Вторая мировая война была уже в разгаре, когда Ремарк наконец обратился к собственно антифашистской тематике. Сделал он это в романе «Возлюби ближнего своего» (1940). Там воссозданы эмигрантские одиссеи. Люди без подданства, без документов, без денег, лишенные элементарнейших гражданских прав, блуждают по еще мирной, еще сытой Западной Европе.
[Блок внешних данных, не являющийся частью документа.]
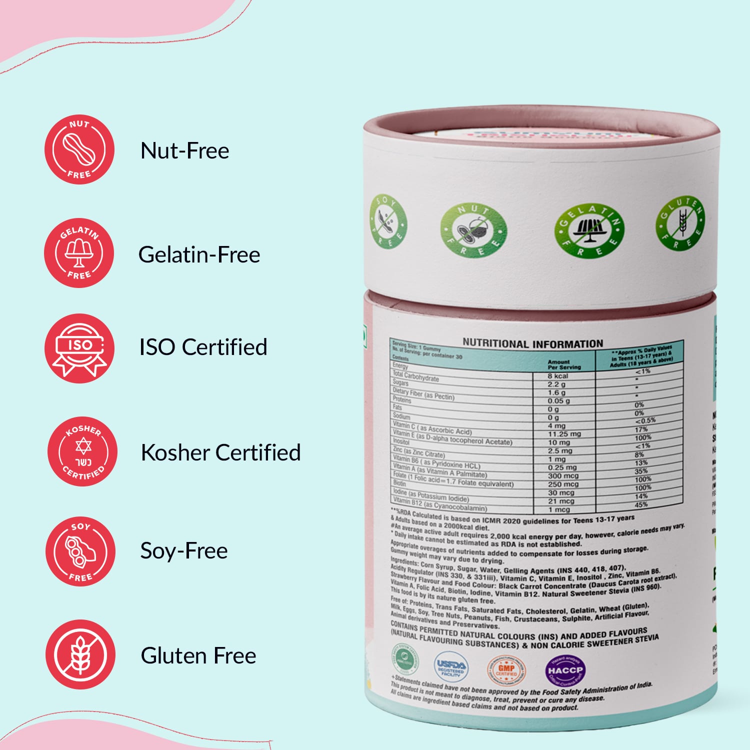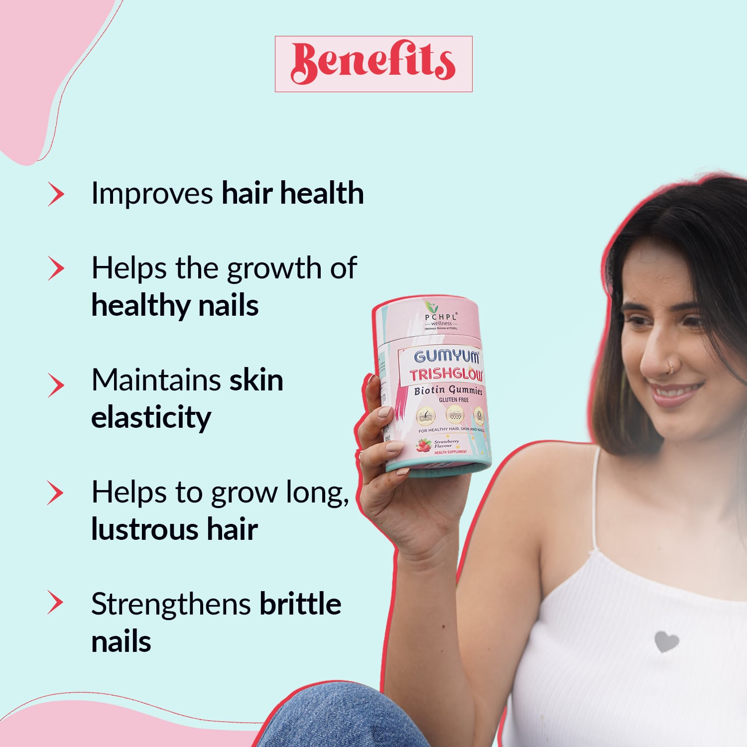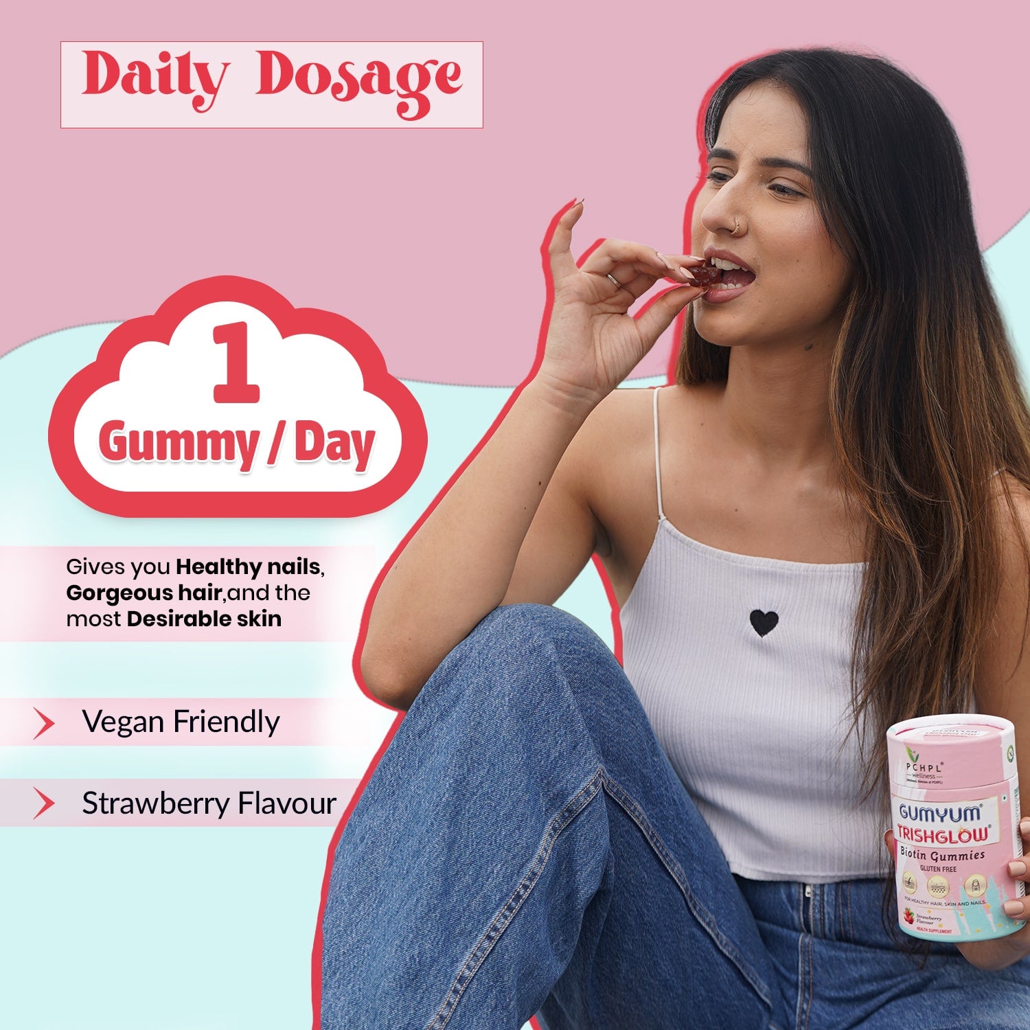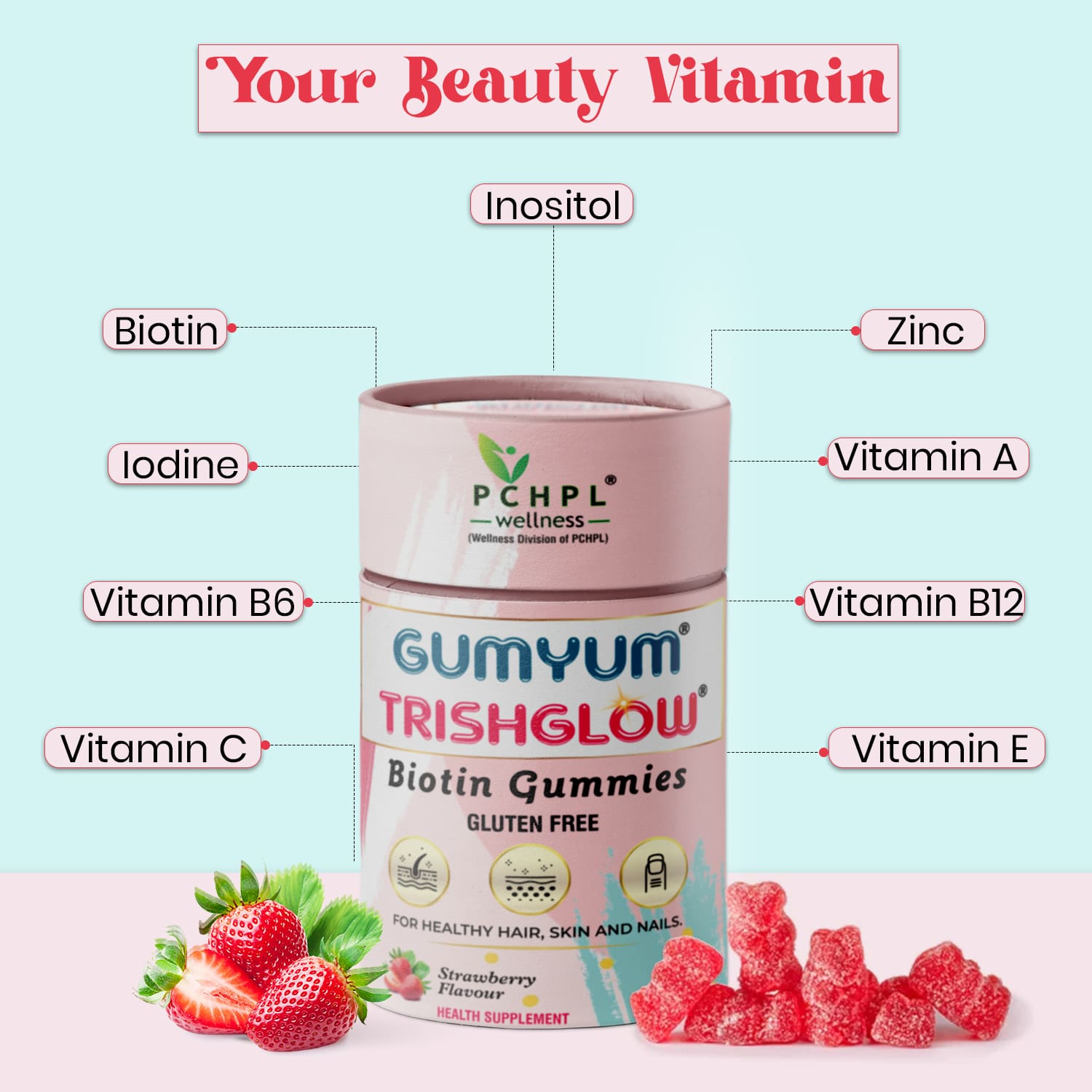 Don’t let the size of bears fool you; these little gummies deliver impressive results. Gumyum Trishglow Biotin gummies promote the health of hair, skin, and nails by providing a blend of essential vitamins and minerals, including Biotin (Vitamin B7), Zinc, Iodine, and Vitamins A, B6, B12, C, and E.

Они — как бы предвестники надвигающихся на нее катаклизмов. За ними, точно за преступниками, охотятся полиции разных стран, их бросают в тюрьмы или в лучшем случае высылают прочь.

Расстрелянные люди

Многие немецкие писатели писали тогда об эмигрантах, но почти никто не писал о них так, как Ремарк. Скажем, в романе Л. Фейхтвангера «Изгнание» (1940) речь идет не только об эмигрантской неприкаянности, но и об эмигрантской борьбе. В «Возлюби ближнего своего» борьба отсутствует, по крайней мере сколько-нибудь организованная. Зато быт дан с такой обнаженностью, что ей трудно найти равных. В «Изгнании» изображена интеллигенция, пользующаяся некоторой известностью и потому хоть как-то устроенная. В «Возлюби ближнего своего» мы спускаемся на самое «дно»; герои романа — это, так сказать, рядовые солдаты эмиграции, чья доля наиболее тяжела.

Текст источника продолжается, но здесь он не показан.